Heavy-duty mobile machines operate in harsh, high-risk environments such as forests, mines and construction sites, where reliability and safety are paramount. Any structural change or introduction of AI technologies to increase autonomy is therefore highly challenging in the field.
Mehdi Heydarishahna’s research tackles these transitions simultaneously, focusing on control systems, electrification and increasing autonomy. First, he proposes a method for controlling multibody machines that work with different energy sources, making it easier to switch from diesel-hydraulic systems to electric actuation. Second, he develops hierarchical control policies that incorporate learning-based components in a principled manner, leveraging their high performance while ensuring system safety in uncertain or faulty situations.
In his dissertation, Heydarishahna addresses the long-standing barriers of interpretability and trust in deploying black-box AI within safety-critical machines. By shaping the interaction between learning modules and robust controllers, his framework aligns with the emerging thinking in industrial safety and supports the gradual adoption of AI in real-world applications.
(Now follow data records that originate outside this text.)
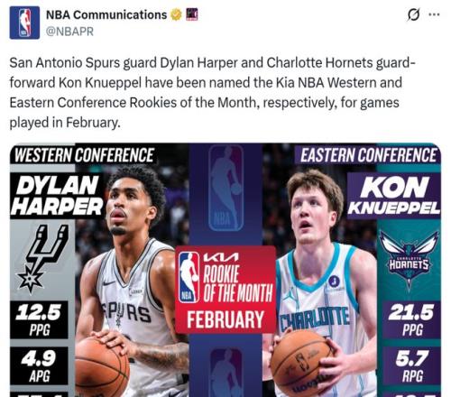 值得一提的是,在本場比賽開始前,克努佩爾才當選2月份月最佳新秀,2月份他場均可以拿下21.5分5.7板,三分命中率48.5%。
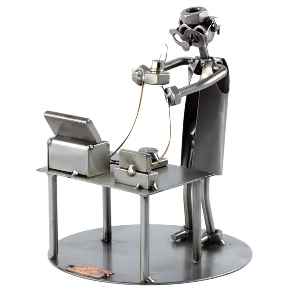 De fysicus is bezig met zijn onderzoek. Dit metalen beeldje is een origineel en blijvend verjaardagscadeau om te geven aan een natuurkundige. Ook een uniek cadeau om te geven nadat de ontvanger zijn proefschrift heeft verdedigd. Wilt u het originele geschenk persoonlijker maken dan kunt u het gegraveerde plaatje erbij bestellen. Het gegraveerde plaatje heeft artikelnummer 10000.
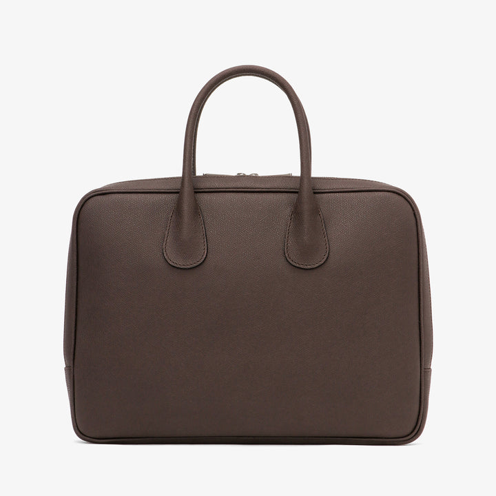 マイロゴブリーフケースのスリムなモデルは、あらゆる環境でエレガントな雰囲気を醸し出します。13 インチのラップトップを収納できるよう設計された内部コンパートメントと、ファスナー開閉のオープンポケットで構成されており、A4 書類やポートフォリオを簡単に収納できます。 快適なトップハンドル、または個人の好みに合わせて取り外し可能な調節可能な布製ストラップで持ち運ぶことができます。
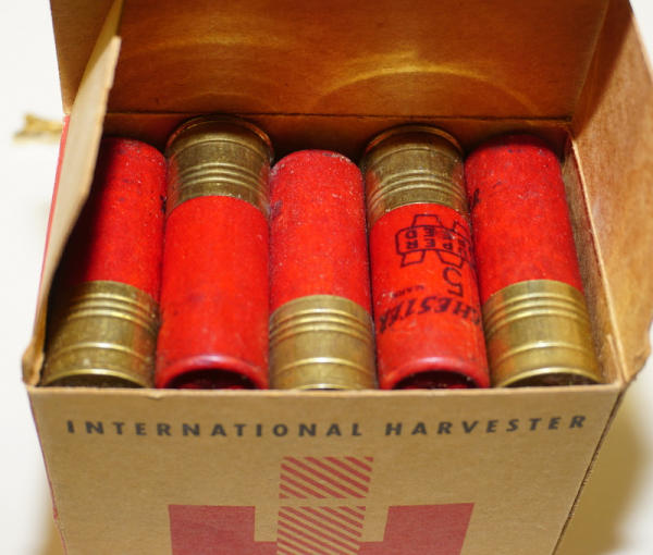 Clean and nice box, no markings at all, but full of 12ga Shotgun shells, comes with a nice shotgun tie bar too; Bill had a note with these that said it was from a IH Sponsored Trap Shooting event

During his two and a half years as a doctoral student at Tampere University, Heydarishahna designed and validated the concept across multiple heavy-duty systems, including a hydraulic mobile robot, an electrified manipulator and a hybrid mobile robot – all in real time. Faced with diverse challenges of a similar underlying nature, he developed a generic control solution that is not only applicable when transitioning to electrified systems with minimal structural changes, but also adaptable to future energy sources.
“The energy source does not matter. We do not need to spend years forcing a full redesign whenever the technology changes. Our modular control makes upgrades simpler and independent of the energy source,” says Mehdi Heydarishahna.
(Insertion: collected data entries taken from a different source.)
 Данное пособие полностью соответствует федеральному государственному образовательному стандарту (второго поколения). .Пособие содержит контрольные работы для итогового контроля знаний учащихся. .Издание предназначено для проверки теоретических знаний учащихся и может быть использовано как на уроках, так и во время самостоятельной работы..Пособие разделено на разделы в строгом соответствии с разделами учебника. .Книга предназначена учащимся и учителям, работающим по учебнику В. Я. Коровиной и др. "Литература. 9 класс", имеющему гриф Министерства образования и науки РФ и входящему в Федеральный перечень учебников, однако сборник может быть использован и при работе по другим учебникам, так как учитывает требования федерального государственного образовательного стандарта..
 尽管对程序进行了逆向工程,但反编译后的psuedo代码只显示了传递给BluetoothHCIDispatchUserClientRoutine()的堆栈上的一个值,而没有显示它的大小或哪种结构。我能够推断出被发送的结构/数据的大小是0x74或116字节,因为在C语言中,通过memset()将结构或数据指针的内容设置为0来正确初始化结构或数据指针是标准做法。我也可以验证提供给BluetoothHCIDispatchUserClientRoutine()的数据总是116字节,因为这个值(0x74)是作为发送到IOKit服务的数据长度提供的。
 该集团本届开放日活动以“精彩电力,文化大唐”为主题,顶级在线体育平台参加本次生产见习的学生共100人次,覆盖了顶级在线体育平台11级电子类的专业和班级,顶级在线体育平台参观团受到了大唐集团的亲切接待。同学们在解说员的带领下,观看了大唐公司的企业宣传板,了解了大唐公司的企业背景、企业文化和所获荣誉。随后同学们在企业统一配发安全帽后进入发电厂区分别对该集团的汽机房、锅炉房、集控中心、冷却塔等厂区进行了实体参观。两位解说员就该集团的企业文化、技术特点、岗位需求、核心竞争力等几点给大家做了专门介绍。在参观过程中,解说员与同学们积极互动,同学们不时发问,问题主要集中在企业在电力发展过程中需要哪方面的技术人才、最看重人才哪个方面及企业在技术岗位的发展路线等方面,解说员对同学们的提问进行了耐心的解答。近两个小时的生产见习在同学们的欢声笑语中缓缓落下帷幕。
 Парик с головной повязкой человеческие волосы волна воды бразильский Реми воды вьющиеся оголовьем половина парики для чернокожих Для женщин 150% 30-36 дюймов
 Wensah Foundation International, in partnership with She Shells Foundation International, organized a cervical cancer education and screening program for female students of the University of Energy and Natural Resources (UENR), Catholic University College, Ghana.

According to him, we should not be afraid to use AI and learning-based methods in large-scale robots.
“We should deploy these high-performance, autonomous controllers and let them learn – even through mistakes and failures – until they succeed. We must design a supervisory module that can determine whether the AI-driven controller is behaving appropriately and then decide whether to let it continue learning and acting, or to switch to a non-AI controller. If you set the conditions wisely, AI will not disappoint you,” he adds.
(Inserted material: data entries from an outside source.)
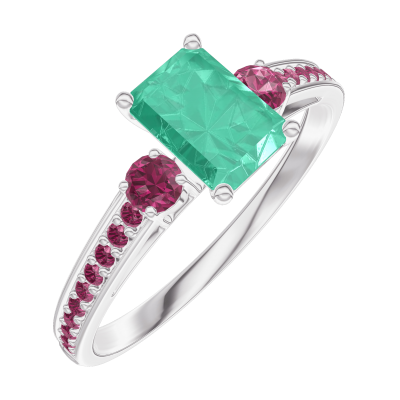 « L'ATELIER » NR. 164451Inel Aur alb 18 carate - Smarald Smarald 0.5 carate - Pietre laterale Rubin - Încrustare Rubin
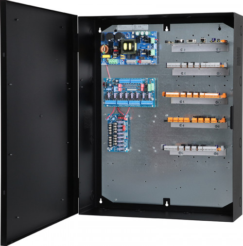 Altronix T2GXK7F8S kit consists of Trove2 enclosure, TCV2 CDVI/Altronix backplane with one (1) 24VDC @ 10A power supply/charger, one (1) eight (8) fuse protected dual input/output access control module, one (1) 12VDC voltage regulator and one (1) eight (8) fuse protected dual input/output power distribution module. This kit also accommodates one (1) 635 CPU and four (4) 635 DRM for up to eight (8) doors in a single enclosure. Trove simplifies board layout and wire management, reduces installation time and labor costs.
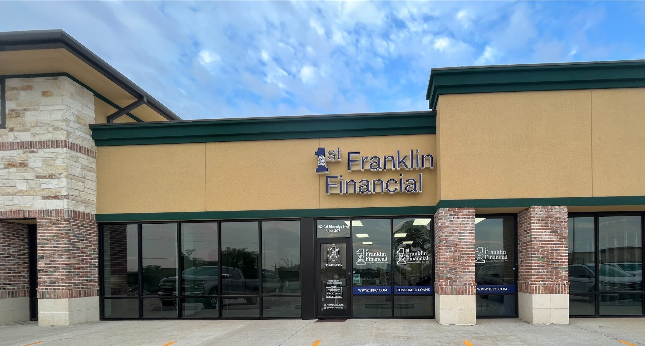 You can easily find our branch in a strip mall behind Hobby Lobby and next to Rodeo Mexican Bar and Grill. We have a wheelchair-accessible walkway and seating available to accommodate our Huntsville customers. For your convenience, there is a large parking lot right outside our branch. You may park anywhere you like and come on in. Appointments are not necessary to apply for a loan or simply stop by to ask questions at 1st Franklin Financial in Huntsville.
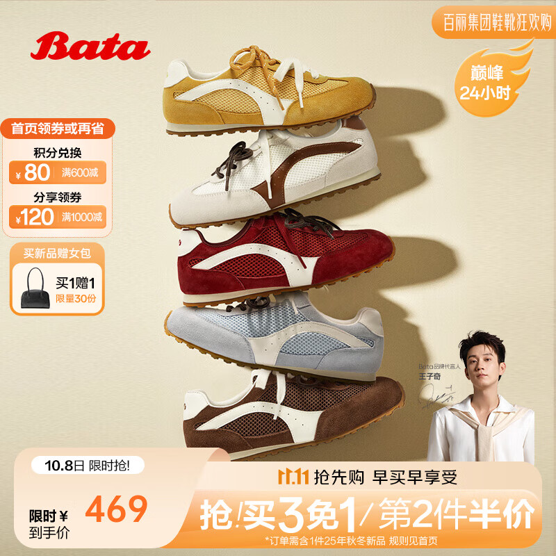 Bata王子奇同款休闲鞋女2025春秋新款通勤百搭德训运动鞋B6831AM6 黄色 37
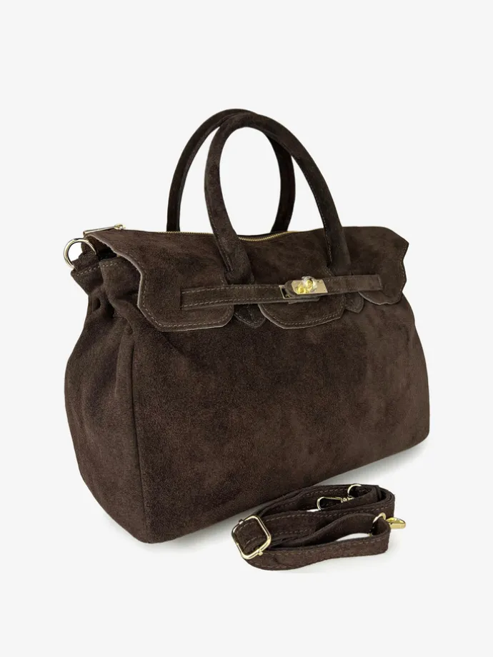 Brązowa torba z ozdobną klapą i złotym zapięciem. Dodatkowy, regulowany pasek do noszenia na ramieniu.

Public defence on Tuesday 2 December
The doctoral dissertation of MSc (Tech) Mehdi Heydarishahna in the field of engineering sciences, titled Robust Deep Learning Control with Guaranteed Performance for Safe and Reliable Robotization in Heavy-Duty Machinery, will be publicly examined at the Faculty of Engineering and Natural Sciences at Tampere University at 13:15 o’clock on Tuesday 2 December 2025 at Hervanta campus, Konetalo building’s auditorium K1702 (Korkeakoulunkatu 6, Tampere).
The opponents will be Professor Alessandro Macchelli from the University of Bologna, Italy, and Professor Juha Röning from the University of Oulu, Finland. The Custos will be Professor Jouni Mattila from the Faculty of Engineering and Natural Sciences at Tampere University.